## Fuzzy matching 

input files: pv_disc_26Apr20.csv,crsp_disc_26Apr20.csv
output files: fuzzymatched_crsp_pv_30Apr20.csv

In [1]:
import pandas as pd
from fuzzywuzzy import fuzz
import time
import numpy as np

In [2]:
ctm = pd.read_csv("pv_disc_26Apr20.csv")
pv3 = pd.read_csv("crsp_disc_26Apr20.csv")

In [3]:
pv_letters = list(pv3['org_first'].unique())

In [4]:
## fuzzy calculation for standardized clean names

## use threshold score as 70

dfc = pd.DataFrame({"crsp": ctm.comlow4.unique()})
pv_letters = list(pv3.org_first.unique())
pv_letters.reverse()
for i in pv_letters:
    print(i)
    A = time.time()
    
    dfp = pd.DataFrame({"pv": pv3[pv3['org_first']==i]['orglow9'].unique()})
    x = np.array(np.meshgrid(dfp.pv.values, dfc.crsp.values)).T.reshape(-1,2) # create matrix for pairwise fuzzy score
    df3 = pd.DataFrame(x)
    
    df3.columns = ['pv','crsp']
    
    df3['Ratio'] = [fuzz.ratio(*i) for i in map(tuple, x)]
    df3['Token'] = [fuzz.token_set_ratio(*i) for i in map(tuple, x)]
    print(time.time()-A)
    df3 = df3[(df3['Ratio']>70) | (df3['Token']>70)]
    name = "sub_"+i+".csv"
    df3.to_csv(name, index = False)

In [5]:

## fuzzy calculation for new clean names (after removing high frequency last words)

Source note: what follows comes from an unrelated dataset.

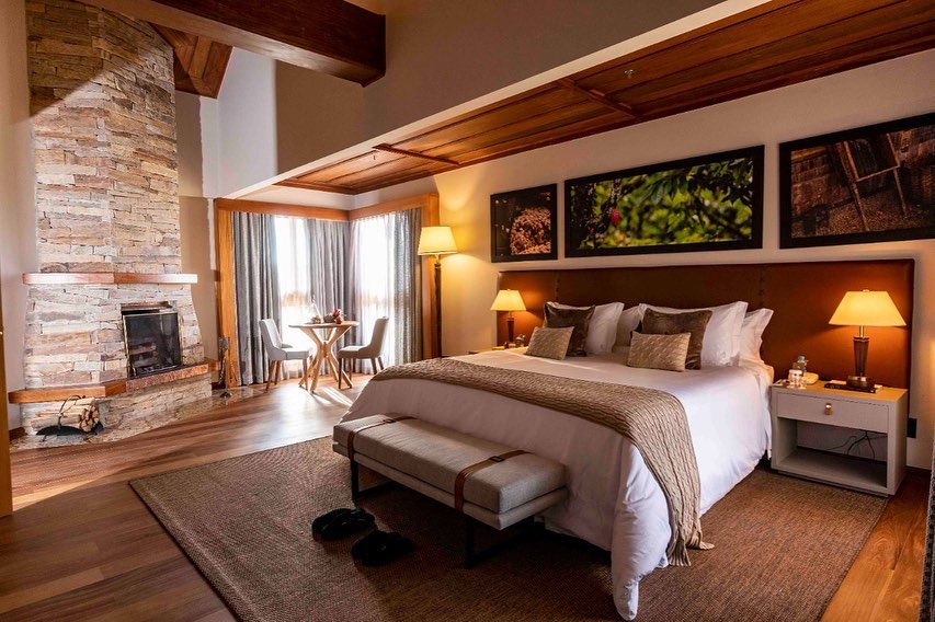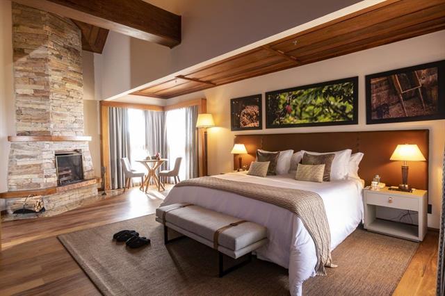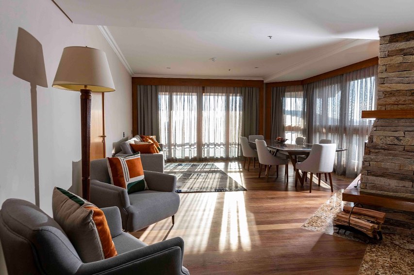 Com 135 m2 de área útil e vista panorâmica para as montanhas, as Suítes Presidenciais são elegantes e espaçosas. O Hall de entrada, dá acesso a um quarto confortável, ampla sala de estar com lareira, mesa de jantar e varanda, onde os hóspedes poderão relaxar tomando um delicioso vinho ou desfrutar de um agradável jantar em família! – Para 3ª pessoa com idade inferior a 10 anos, dormindo com os pais não terá custos extras. Para cada cama extra terá um acréscimo de 30% + taxas por dia.

## use threshold score as 70

dfc = pd.DataFrame({"crsp_new": ctm.comlow_new.unique()})

pv_letters.reverse()
for i in pv_letters:
    print(i)
    A = time.time()
    
    dfp = pd.DataFrame({"pv_new": pv3[pv3['org_first']==i]['orglow_new'].unique()})
    x = np.array(np.meshgrid(dfp.pv_new.values, dfc.crsp_new.values)).T.reshape(-1,2)
    df3 = pd.DataFrame(x)
    
    df3.columns = ['pv_new','crsp_new']
    
    df3['new_ratio'] = [fuzz.ratio(*i) for i in map(tuple, x)]
    df3['new_token'] = [fuzz.token_set_ratio(*i) for i in map(tuple, x)]
    df3['new_fpr'] = [fuzz.partial_ratio(*i) for i in map(tuple, x)]
    
    print(time.time()-A)
    df3 = df3[(df3['new_ratio']>70) | (df3['new_token']>70) | (df3['new_fpr']>70)]
    name = "sub_new"+i+".csv"
    df3.to_csv(name, index = False)

###### from fuzzy matrix input, filter matches based on the following rules:

1. for a given pair, if max(fuzzy_ratio, fuzzy_token) == 100, retain the pair
2. If there is more than one match for a company name which has max(fuzzy_ratio, fuzzy_token) == 100, then retain the match with higher fuzz_ratio 
3. for pairs where max(fuzzy_ratio, fuzzy_token) != 100:
    - retain all the names which have only one single match
    - for names which have more than one match, retain the match with higher max(fuzzy_ratio, fuzzy_token)
    - for names which have more than one match with same max(fuzzy_ratio, fuzzy_token), use higher ratio to break the tie
4. finally of all the retained pairs, select only those with max(fuzzy_ratio, fuzzy_token) >70
    


In [7]:
for i in pv_letters:

    ####for clean company names after removing high frequency last words 
    name = "sub_new"+i+".csv"
    newe = pd.read_csv(name)
    newe['mx'] = newe.apply(lambda x: max(x.new_ratio, x.new_token), axis = 1)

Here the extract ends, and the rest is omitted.